General George Patton, the colorful commander of the Seventh United States Army, conversely, personified the kind of reckless saber rattling that might facilitate a seamless transition to a third world war. In a discussion with Undersecretary of War Robert Patterson in May 1945, for example, Patton, entering his final months as general of the Third Army, complained that “we have had a victory over the Germans [but] we have failed in the liberation of Europe … We must either finish the job now—while we are here and ready—or later under less favorable circumstances.”
4
Kennan recoiled from the two extremes, believing it vital to chart a middle course. Still, he believed that complacency was a bigger problem in Washington than pugnacity.

In January 1945, Kennan declared his intention to leave the Foreign Service in a letter to his friend and colleague Charles “Chip” Bohlen.
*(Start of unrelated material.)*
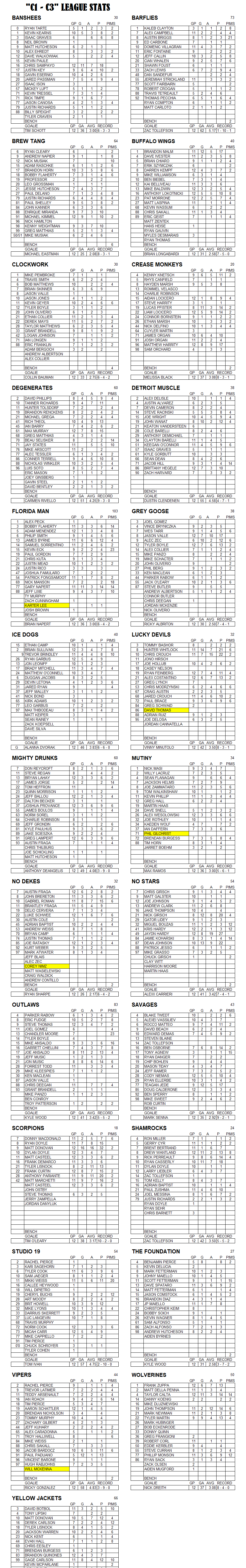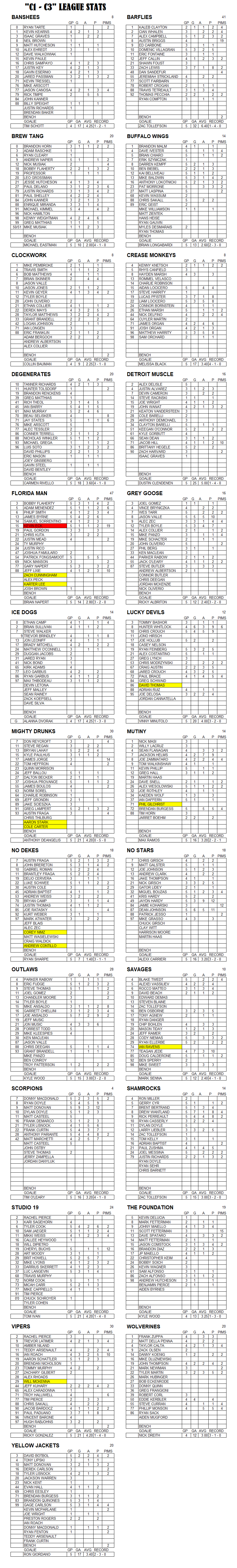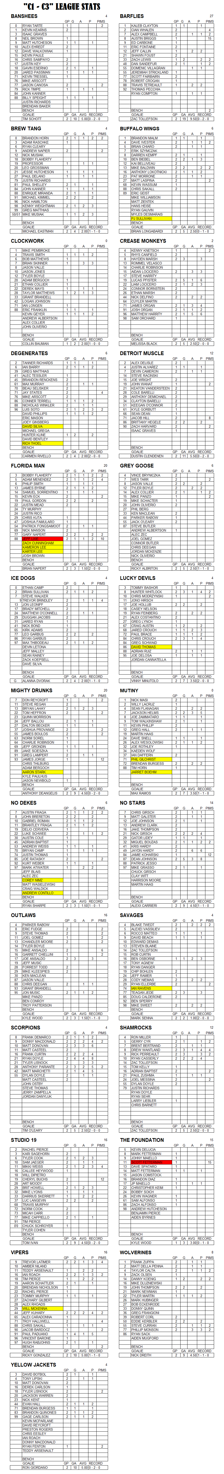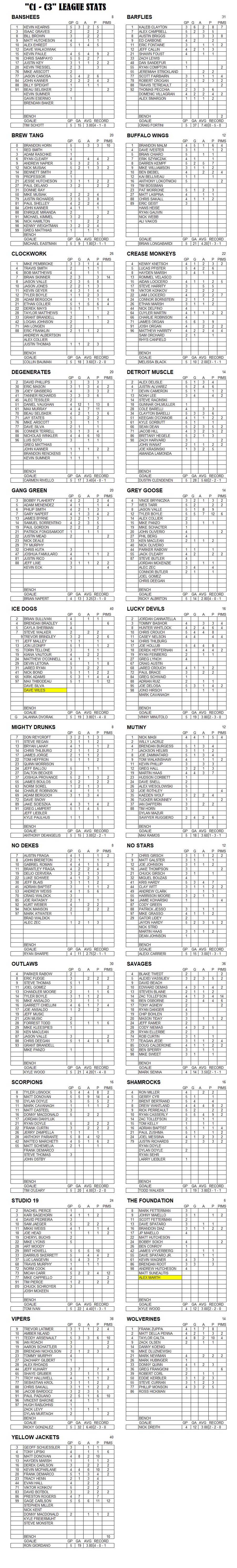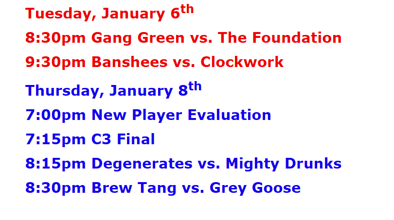 C-League The C-League has three levels of moderate skill level players. Games are played Tuesday through Friday nights beginning at 7:00pm. For current schedules, standings, and statistics see below.

Perplexed by the brouhaha generated by Churchill's percentages deal, Kennan wondered, “Why could we not make a decent and definite compromise with it—divide Europe frankly into spheres of influence—keep ourselves out of the Russian sphere and keep the Russians out of ours?” He bemoaned the fact that “we have refused to name any limit for Russian expansion and Russian responsibilities, thereby confusing the Russians and causing them constantly to wonder whether they are asking too little or whether it was some kind of trap.” Kennan believed that the correct diplomatic course was clear enough. Washington should “bury Dumbarton Oaks as quickly and quietly as possible,” as multilateral agreements involving an expansionist Moscow were simply untenable. America's political leadership should then “accept as an accomplished fact the complete partition of Germany along the line of the Russian zone of occupation … The west must be integrated into the Atlantic economy as independently as possible of the east.” The Soviet and Western spheres of influence in Europe were readily apparent to Kennan, as they should have been to anyone with clear vision. The United States had to recognize this division as fact and repulse any Soviet effort to foment discord beyond this by now established sphere. This defensive end should be achieved through deploying the most appropriate available means: political, economic, diplomatic or, as a last resort, military. “The above is admittedly not a very happy program,” Kennan conceded. “It amounts to a partition of Europe. It renounces—and for very good reason—all reliance on cooperation with Russia. But beggars cannot be choosers. We have lost a large portion of our diplomatic assets in Europe.”
5

For Kennan, the main culprit was Woodrow Wilson's sirenical legacy, which had been reenergized during the Roosevelt presidency. Indeed, Wilsonianism threatened to do as much damage in 1945 as it had 1919—as Kennan explained to Bohlen:

The program I have outlined is bitterly modest. But it has the virtue of resting on the solid foundation of reality. If we insist at this moment in our history on wandering about with our heads in the clouds of Wilsonian idealism and universalistic conceptions of world collaboration, if we continue to blind ourselves to the fact that momentary peaceful intentions of the mass of inhabitants of Asia and eastern Europe are only the products of their misery and weakness and never the products of their strength, if we insist on staking the whole future of Europe on the assumption of a community of aims with Russia for which there is no real evidence except in our own wishful thinking, then we run the risk of losing even that bare minimum of security which would be assured to us by the maintenance of humane, stable and cooperative forms of human society on the immediate European shore of the Atlantic.